My double delta Male Not sure of his age But hes always making bubble nests 








And last but not lest my yellow reg boy i have had him for about a year now


----------



## Rjjm (Jan 1, 2012)

That is a nice female. Unfortunately, in most cases, the males are the ones with dominant gene. As for breeding them, I been breeding mine in hang on type( the ones powered by bubbles ) but of course bubble off during pairing. I find it easier to use this because it has a divider which help both fish being female producing more egg while getting to know the male and the male making nest bubbles. When it looks like she is ready, I take the divider out. At the beginning, the male chases her but after couple of hours, she stops swimming away and swims towards him under the bubble. Good luck


----------



## corrie (Aug 10, 2014)

ok ty for the info  ya i love this little female im thinking of trying her with my double delta male as hes the one making big bubble nests in his tank


----------



## April (Apr 21, 2010)

Lighter colour make the better. I was told you need a cellophane to breed to the koi. 
It's a lot of work and lots of feedings wcs, and then jarring the males as they start showing their tails. 
Daily wcs and 4 meals a day for good growth and fins. Also the guy I know had to use equilibrium to keep the tails growing even and not ratty.



Sent from my iPhone using Tapatalk


----------



## Rjjm (Jan 1, 2012)

You should pop by Aprils. She has some nice koi male betta


----------



## aznmidnite (Nov 16, 2015)

Hello corrie,
I have bred crown tail bettas in the past. Back then I just used a 10 gallon half filled with treated water, a sponge filter, kept the bottom of the tank bare (easier for male to pickup eggs, and for cleaning), and a Styrofoam cup cut lengthwise in half (floating in the tank along one of the tank sides as it helps the male keep his bubble nest together (alternatively I had better luck using a round piece of plastic bag I cut from the bags you get when you buy fish, and floating it near one of the tank sides)). 

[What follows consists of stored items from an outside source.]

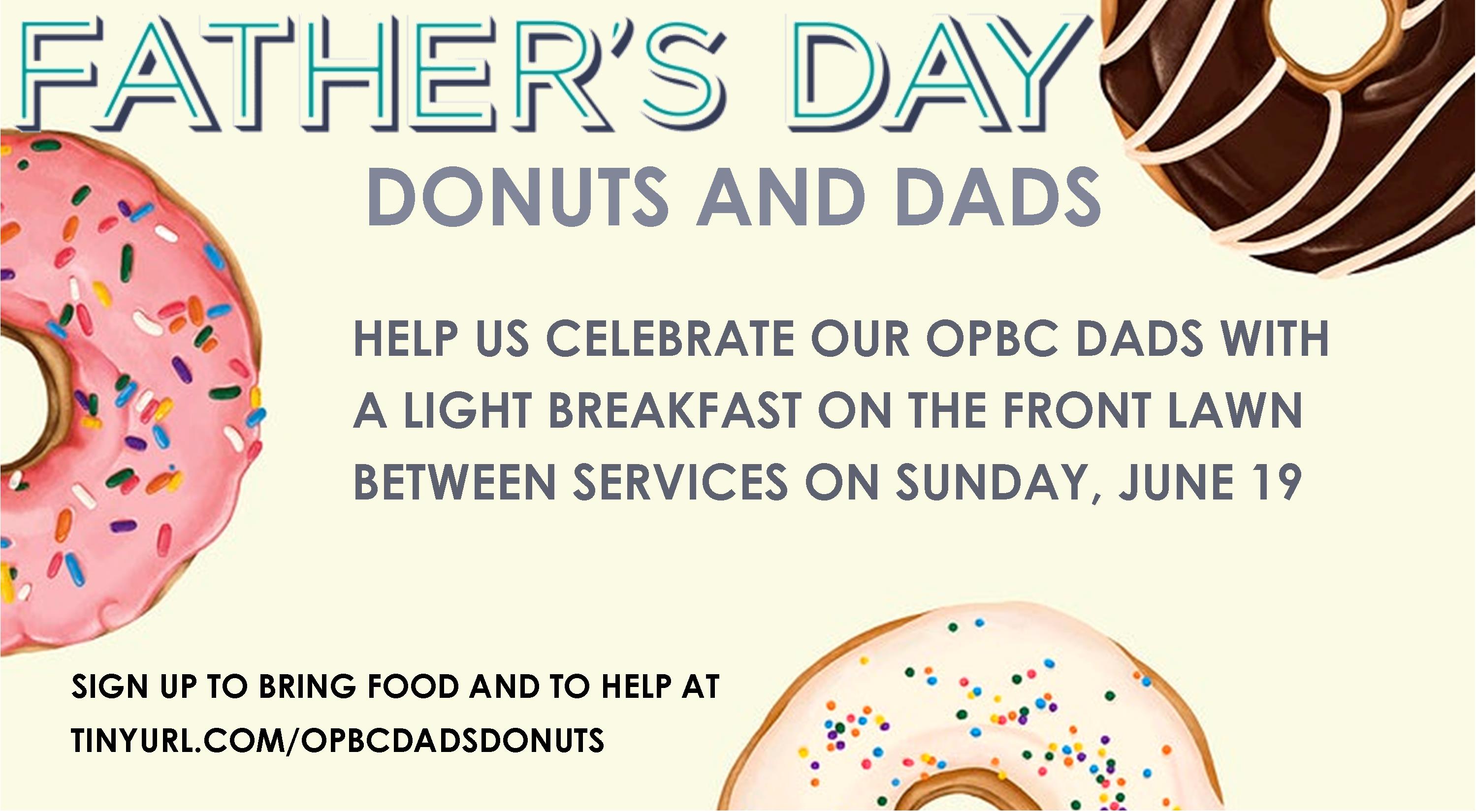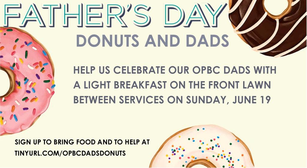 JOIN US BETWEEN SERVICES (9:45-10:15AM) ON THE FRONT LAWN FOR DONUTS WITH DADS AS WE CELEBRATE FATHERS.
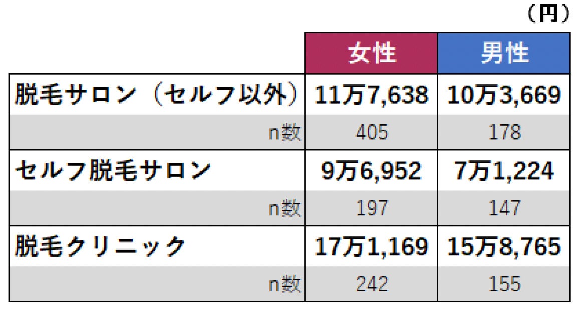 男女とも最も多いのが「脱毛サロン(セルフ脱毛以外、以下セルフ以外と表記)」で、女性は11.6%で男性は5.1%。次いで「脱毛クリニック」(女性6.9%、男性4.4%)、「セルフ脱毛サロン」(女性5.6%、男性4.2%)と続く。年間利用金額が最も高いのは、男女とも「脱毛クリニック」(女性17万1,169円、男性15万8,765円)。
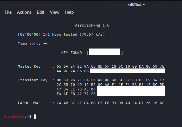 deauth 패킷을 전송해서 재연결을 수행할 때 airdump-ng 셸에 handshake 패킷이 캡쳐됨을 확인할 수 있다.
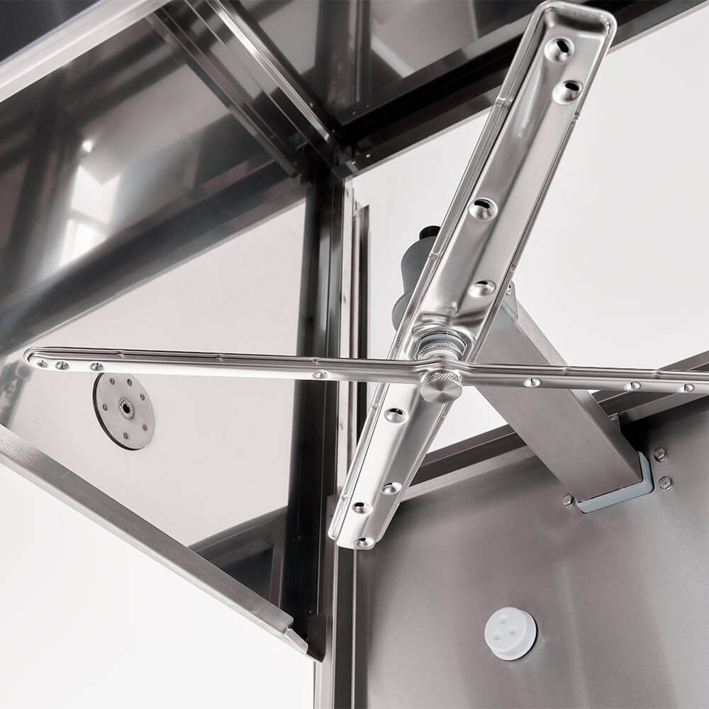 Zmywarka kapturowa 500x500 mm, do 30 koszy/h, 400V, z dozownikiem płynu myjącego, dozownikiem nabłyszczacza, pompą spustową i pompą wspomagająca płukanie
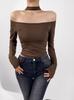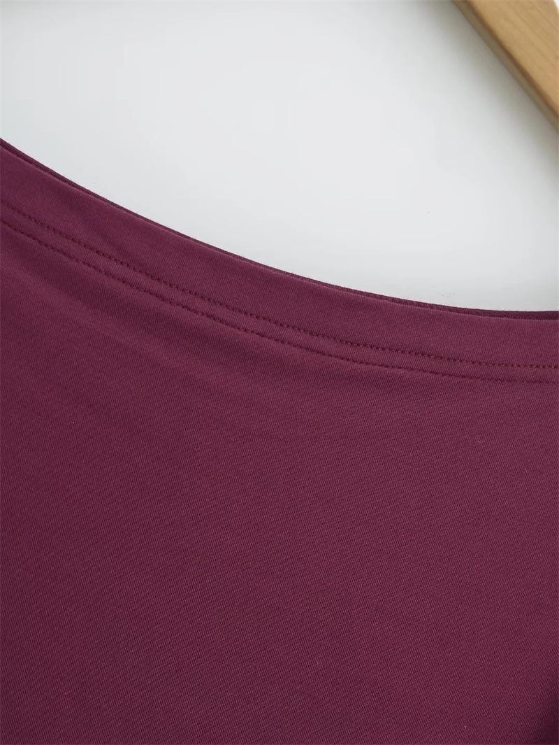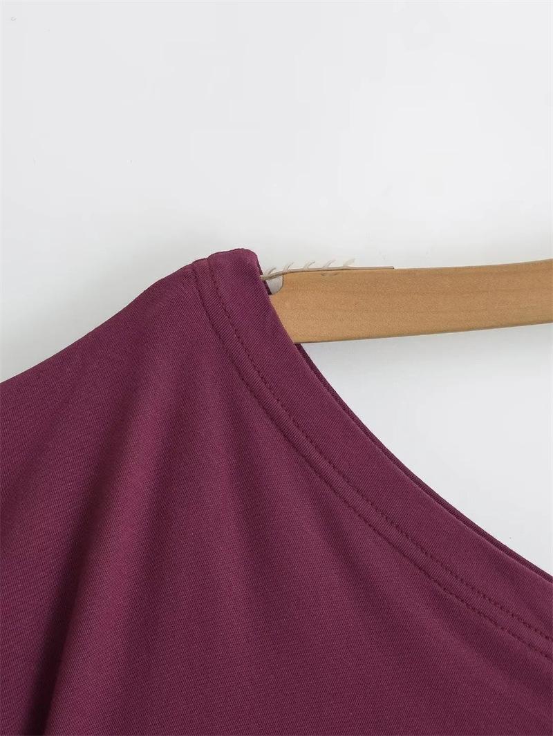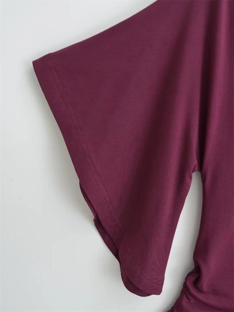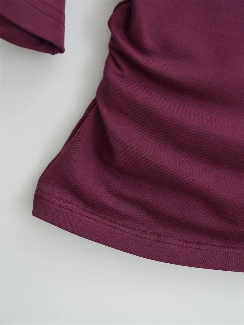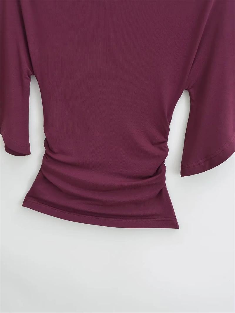 Camiseta sexy de manga acampanada con cuello y hombros descubiertos para mujer, estilo europeo y americano, elástica, ajustada, plisada, corta y pura
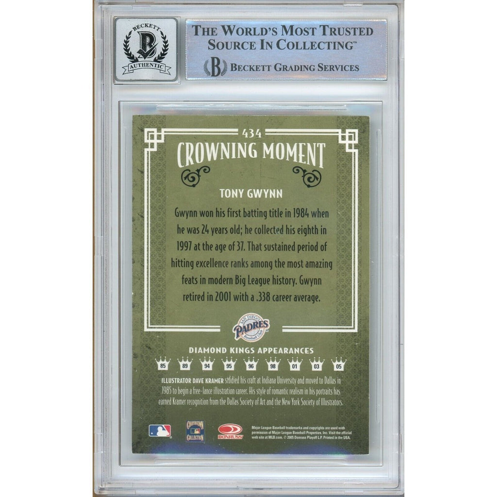 Enhance your San Diego Padres collection with this 2005 Donruss Diamond Kings trading card autographed by Tony Gwynn and authenticated by Beckett Authentication Services (BAS) and Beckett Grading Services (BGS) with a perfect grade of 10. This standard size card features Gwynn in his Padres uniform, numbered 434, and is crafted from durable card stock. Part of the 2005 Donruss Diamond Kings set, this card is a valuable addition to any Major League Baseball (MLB) trading card collection. The autograph is hard-signed and on-card, making it a highly sought-after collectible item. This vintage autographed card is a must-have for any collector, and comes with a blue Sharpie signature that has been authenticated and encapsulated by the experts at Beckett Grading Services (BGS), featuring a 'Auto 10' grade. Certificate Number 00016501582.
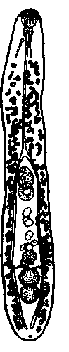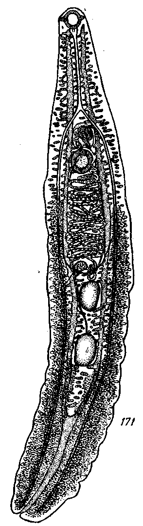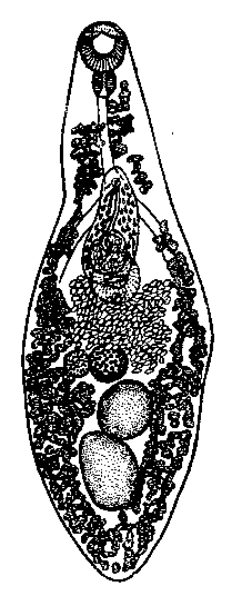 Два поперечных желточных протока вздуты у медиальных концов и соединяются слева от средней линии, сзади яичника, где они соединяются с яйцеводом, маткой и лауреровым каналом. Этот последний тянется извилистым ходом к дорзальной стенке тела, с которой он соединяется слева от медианной линии и дорзально от тельца Мелиса. Матка проходит сначала сзади тельца Мелиса, затем поворачивает вперед, образуя ряд поперечных петель между яичником и брюшной присоской, ограниченных с двух сторон экскреторными стволами. Передняя часть ее образует длинный и узкий метратерм, проходящих по левой стороне брюшной присоски к половому отверстию. Размер яиц 0.0625 X 0.0375 мм.
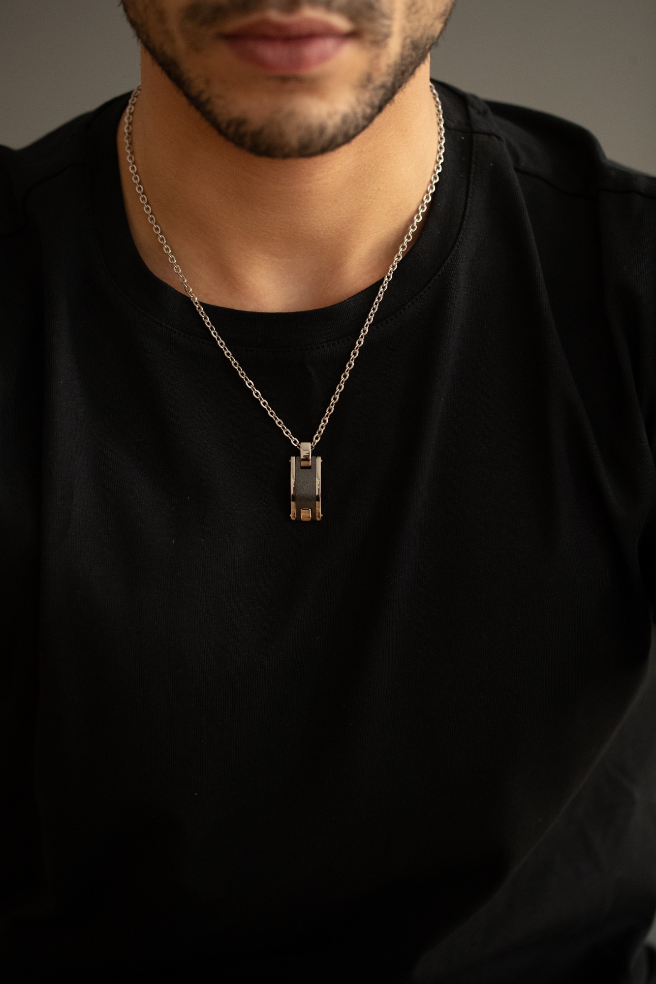 Un bijou aussi esthétique que résistant. Ce collier porte un pendentif prenant la forme d'une plaque de 5 cm. Celle-ci est composée d'acier 316L inoxydable blanc mat, avec une partie centrale en céramique noire. Garanti 2 ans, le collier Sergio est doté d'une chaîne d'une longueur de 50 cm et possède un fermoir à mousqueton. À l'épreuve du temps et de la vie, ce collier t'accompagne sans s'abîmer, en toutes circonstances. Une pièce qui souligne habilement ton côté masculin. Ce surprenant bijou s'avère idéal pour apporter une touche très tendance à tes tenues préférées. En toute occasion, profite de la robustesse et de l'aspect stylé de l'acier inoxydable pour mettre en avant ton caractère affirmé, s'affranchissant des codes classiques.
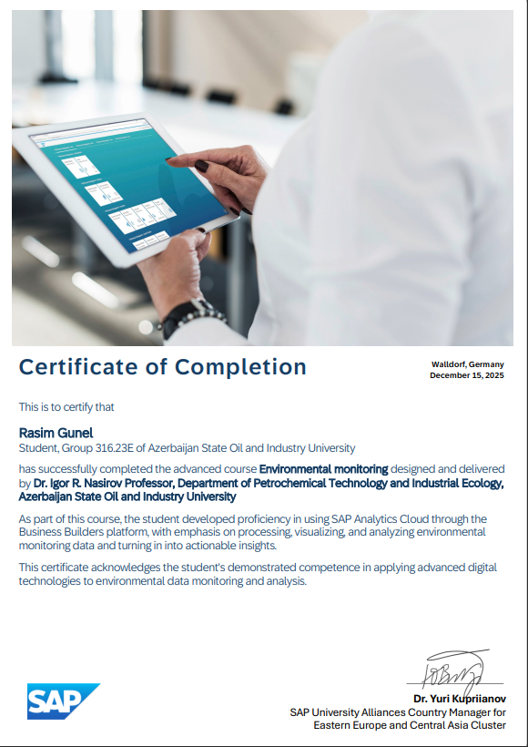 Qeyd edək ki, bir semestr davam edən təlim proqramı ADNSU-nun Neft-kimya texnologiyası və sənaye ekologiyası kafedrasının nəzdində, Ekologiya mühəndisliyi ixtisası üzrə təhsil alan tələbələr üçün təşkil edilib. Kurs ADNSU-nun müəllimi İqor Nəsirov tərəfindən “SAP Analytics Cloud və SAP Business Builders” platformalarının inteqrasiyası əsasında təşkil olunub.
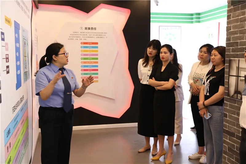 活动开始,在“莎姐”检察官的带领下,与会人员参观了该院青少年法治教育实践基地。该基地以黄绿灯为主创意,运用声光电设计,将多个青少年喜闻乐见的互动项目穿插其间,通过以案说法、情景模拟、法治小游戏等形式,配以图文和“莎姐”检察官的全程解说,将教育性与趣味性深度融合,帮助青少年对法律知识有更加具体深刻的理解。
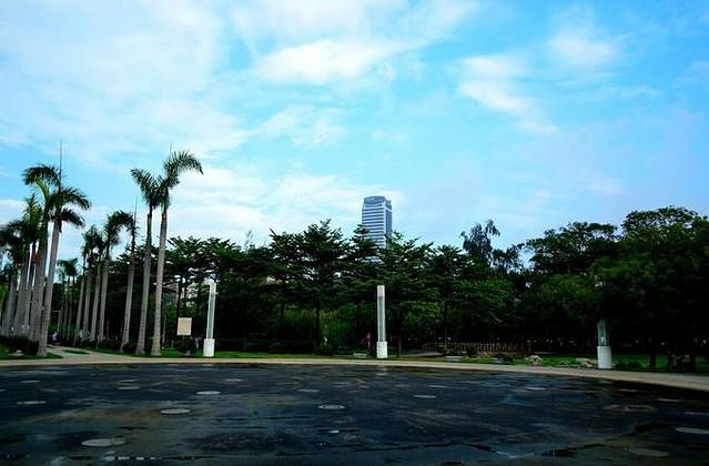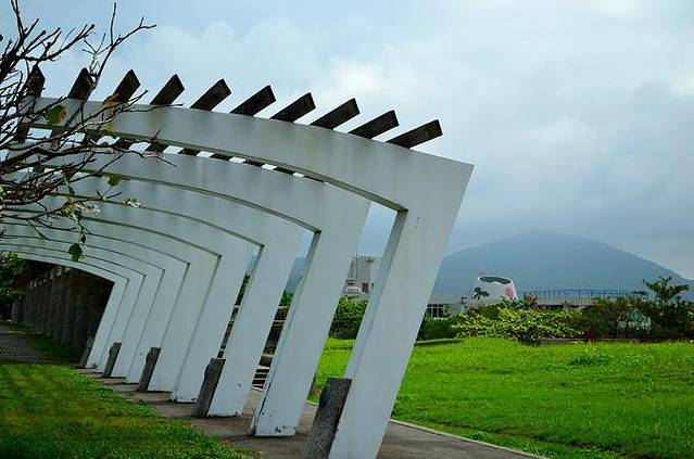 嘉义市文化广场就在铁路车库园区边上,从园区走出来就直接来到文化广场了。
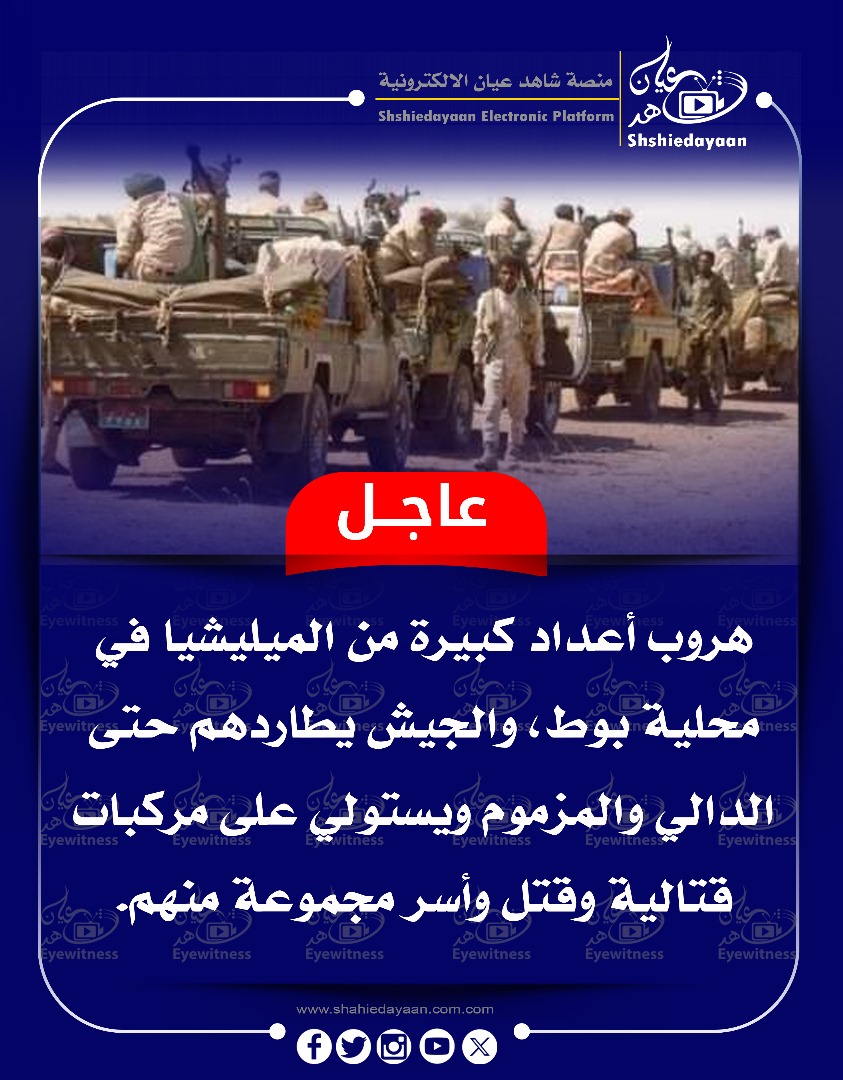 خبر في صورة الأخبار عاجل … هروب أعداد كبيرة من الميليشيا في محلية بوط شاهد عيان يناير 22, 2025 0 أقرأ المزيد ..

In my case I just conditioned the pair by feeding them frozen worms, some freeze dried blood worms, along with their usual Hikari Betts pellets. Put the female in a glass hurricane vase and after a few weeks the female started getting plump with eggs and she displayed the vertical stripes.

Once plump with eggs I removed the hurricane vase and let them be. Once they do their thing I remove the female, and let the male proceed with his parenting duties.

I am no expert, as I'm sure there are many other ways to breed them. I can PM you more details later if you'd like, or if you have any questions let me know.

Good luck! 

Sent from my SM-G900W8 using Tapatalk


----------



## LSCHWARTZ (Oct 29, 2014)

You can PM if you have any questions.


----------